Automated confidence estimation in deep learning auto-segmentation for brain organs at risk on MRI for radiotherapy.

Alzahrani, NM.; Henry, AM.; Al-Qaisieh, BM.; Murray, LJ.; Nix, MG.

Automated confidence estimation in deep learning auto-segmentation for brain organs at risk on MRI for radiotherapy.

All Authors

Alzahrani, NM.

Henry, AM.

Al-Qaisieh, BM.

Murray, LJ.

Nix, MG.

LTHT Author

Alzahrani, Nouf
Henry, Ann
Al-Qaisieh, Bashar
Murray, Louise
Nix, Michael

LTHT Department

Oncology
Medical Physics & Engineering
Leeds Cancer Centre

Publication Date

2024

Item Type

Journal Article

Abstract

PURPOSE: We have built a novel AI-driven QA method called AutoConfidence (ACo), to estimate segmentation confidence on a per-voxel basis without gold standard segmentations, enabling robust, efficient review of automated segmentation (AS). We have demonstrated this method in brain OAR AS on MRI, using internal and external (third-party) AS models. METHODS: Thirty-two retrospectives, MRI planned, glioma cases were randomly selected from a local clinical cohort for ACo training.

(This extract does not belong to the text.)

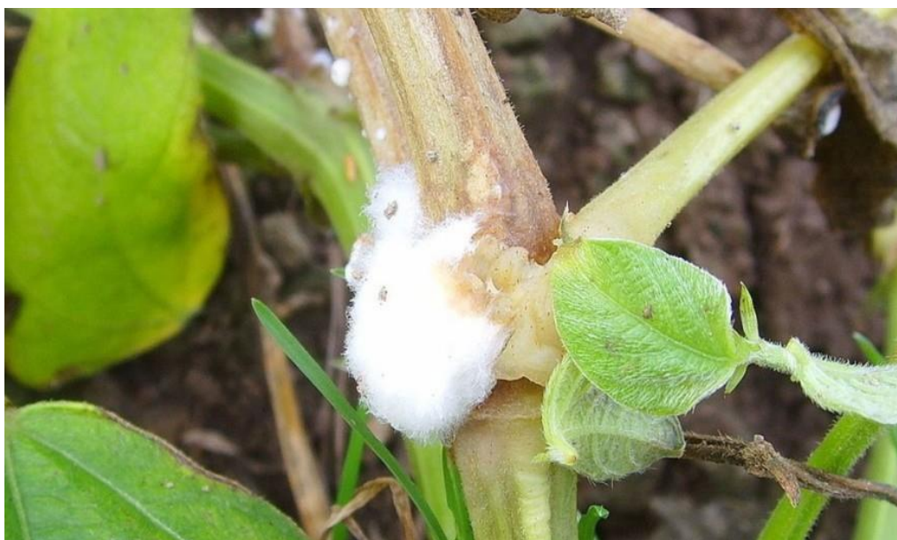
Slika 11. Bijela trulež

Bijela trulež ( Sclerotinia sclerotiorum ) je gljivična bolest koja zahvaća korijenski sustav, te se širi na plodove i stabljike (Slika 11.). Bolest se javlja pri nižim temperaturama i povećanoj vlazi u nasadu ili u zraku. Bolest se prepoznaje po bijeloj presvlaci koju čini splet micelija i koja se javlja na svim dijelovima biljke. Ako se bolest razvije na mladim presadnicama tada dolazi do polijeganja i propadanja biljke (Parađiković, 2009.).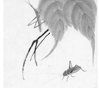
可惜无声 花草昆虫册页之七(国画) 齐白石 龙美术馆藏

A generator was trained adversarialy to produce internal autosegmentations (IAS) with a discriminator to estimate voxel-wise IAS uncertainty, given the input MRI. Confidence maps for each proposed segmentation were produced for operator use in AS editing and were compared with "difference to gold-standard" error maps. Nine cases were used for testing ACo performance on IAS and validation with two external deep learning segmentation model predictions [external model with low-quality AS (EM-LQ) and external model with high-quality AS (EM-HQ)]. Matthew's correlation coefficient (MCC), false-positive rate (FPR), false-negative rate (FNR), and visual assessment were used for evaluation. Edge removal and geometric distance corrections were applied to achieve more useful and clinically relevant confidence maps and performance metrics. RESULTS: ACo showed generally excellent performance on both internal and external segmentations, across all OARs (except lenses). MCC was higher on IAS and low-quality external segmentations (EM-LQ) than high-quality ones (EM-HQ). On IAS and EM-LQ, average MCC (excluding lenses) varied from 0.6 to 0.9, while average FPR and FNR were <=0.13 and <=0.21, respectively. For EM-HQ, average MCC varied from 0.4 to 0.8, while average FPR and FNR were <=0.37 and <=0.22, respectively. CONCLUSION: ACo was a reliable predictor of uncertainty and errors on AS generated both internally and externally, demonstrating its potential as an independent, reference-free QA tool, which could help operators deliver robust, efficient autosegmentation in the radiotherapy clinic.